Jenna Milly has always loved to write. After graduating from the University of Georgia in 1995 with a degree in telecommunication arts (now EMST), she wrote screenplays on the side while working reporting jobs at CNN and the Los Angeles Times. She eventually moved to screenwriting full time and received a master’s degree from UCLA.
But it wasn’t until she wrote an article about her friend’s charity that she realized she might have a movie on her hands.
The story begins in 2010, when Milly’s college roommate and screenwriting partner, Ann Marie Allison, got together with some of her friends in Washington, D.C., to give back to the community. They started a charity — a ladies’ arm wrestling charity, that is.
The now-defunct Washington chapter of the Collective of Lady Arm Wrestlers brought together women from the district to raise money for different causes. They created character personas and dressed up in costumes to seriously compete in the arm wrestling ring.
Milly and Allison played around with the idea of writing this real-life event as a documentary, but they believed fictionalizing it would tell a stronger story.
“Ann Marie always seemed so inspired by the journey that the women had, and kind of coming out of their shell, so that seemed very interesting to do from a fictional place, to take one woman and see how she changed through the experience,” Milly said.
And then came “Golden Arm.” The two women have worked as writing partners for years, and their production company is named after their college apartment in Athens, No. 8 Productions.

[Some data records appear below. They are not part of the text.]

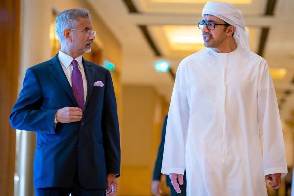 周一开会期间阿联酋外长谢赫阿卜杜拉·本·扎耶德·阿勒纳哈扬采取行动,和来访的印度外交部长Subrahmanyam Jaishankar,双方还讨论了加强各方面的合作,特别强调健康的领域,技术、数字化、经济和贸易在今年签署的两国全面经济伙伴关系。
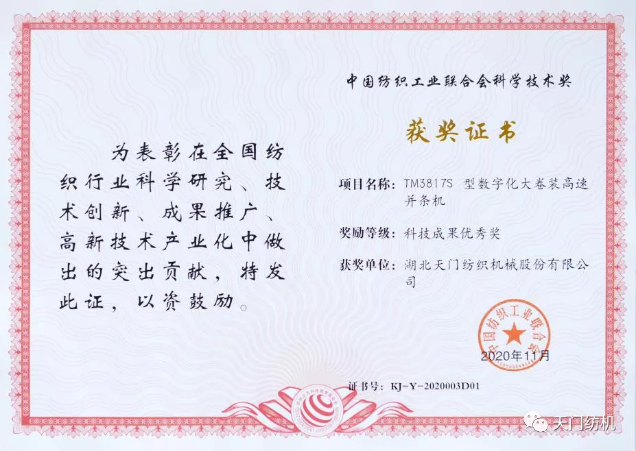 近日,中國(guó)紡織工業(yè)聯(lián)合會(huì)發(fā)布2020年度科技成果優(yōu)秀獎(jiǎng)獲獎(jiǎng)通知,并頒發(fā)證書(shū),天門(mén)紡機(jī)TM3817S型并條機(jī)獲評(píng)“紡織之光”2020年度中國(guó)紡織工業(yè)聯(lián)合會(huì)“科技成果優(yōu)秀獎(jiǎng)”。鄭強(qiáng)、楊家軒、黃必廣、郭升旗、徐紅、譚鵬飛、沈忱等7名研發(fā)人員獲得個(gè)人“科技成果優(yōu)秀獎(jiǎng)”
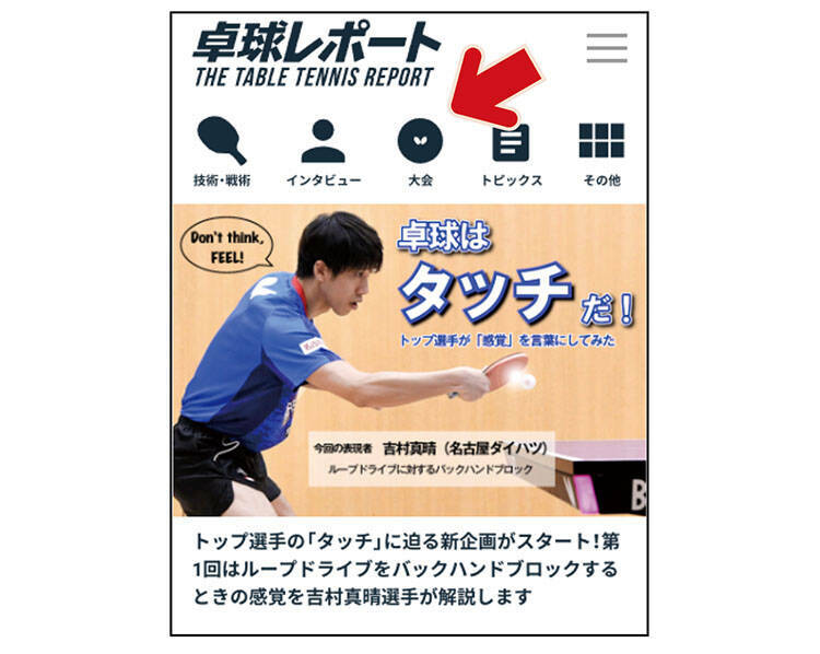 まず、サイトの上の方にある「技術・戦術」「インタビュー」「大会」「トピックス」「その他」というところをタップ(クリック)します。仮に、「大会」というカテゴリーを選んだとしましょう。
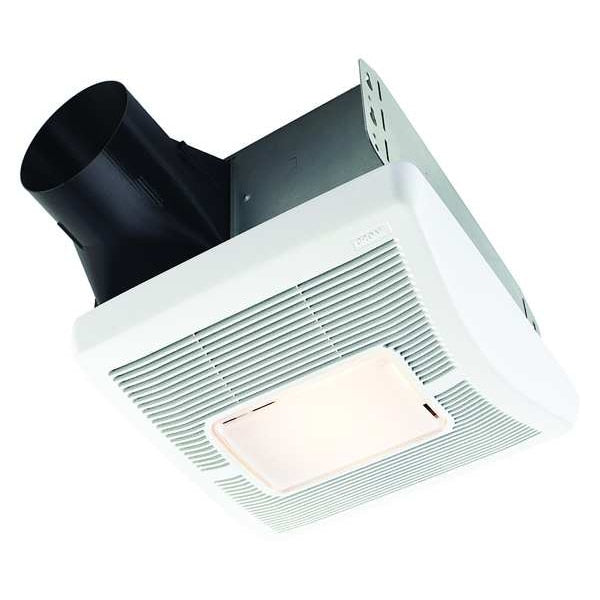 • Ceiling Bathroom Fan, 70 cfm cfm, 4 in Duct Dia., 120V AC, No

The movie documents the journey of Melanie, whose best friend Danny convinces her to train and compete at the Women’s Arm Wrestling Championship.
When they pitched the idea to Hollywood in 2015, they were initially told the industry wasn’t making films about female sports comedies, something Milly and Allison were determined to disprove.
Jumping into such a competitive industry proved to be an “elite, closed-door process,” Milly said. She worked hard to make connections and find representation in Hollywood.
“Jenna was very tenacious… and we ended up getting our first manager that way, just basically beating down doors and being like we won’t be ignored,” Allison said.
By 2017 and the emergence of the #MeToo movement, films about female empowerment were in demand. Over the next two years, they found director Maureen Bharoocha, who helped them make a reel and coordinate a cast of female comics. They staged a script reading in Hollywood and began raising money for production.
They started shooting in Oklahoma in 2019, and over the course of the year they “got it in the can and edited and completed the film,” Milly said.
Despite her love of screenwriting, only one film class was offered to Grady students when Milly attended UGA. She wrote a screenplay and produced a short film, but that was the extent of her experience. In the class, her professor told her to check out library books and teach herself.
“That’s what Ann Marie and I had to do on this project, so I think that was a good lesson,” Milly said. “I think you have to be hungry and you have to want to figure out how to be successful, which was part of the thing that I think they were teaching at Grady.”
“Golden Arm” will be available to stream on April 30 on Apple TV, Amazon video and Google Play. It will also be released in select theaters.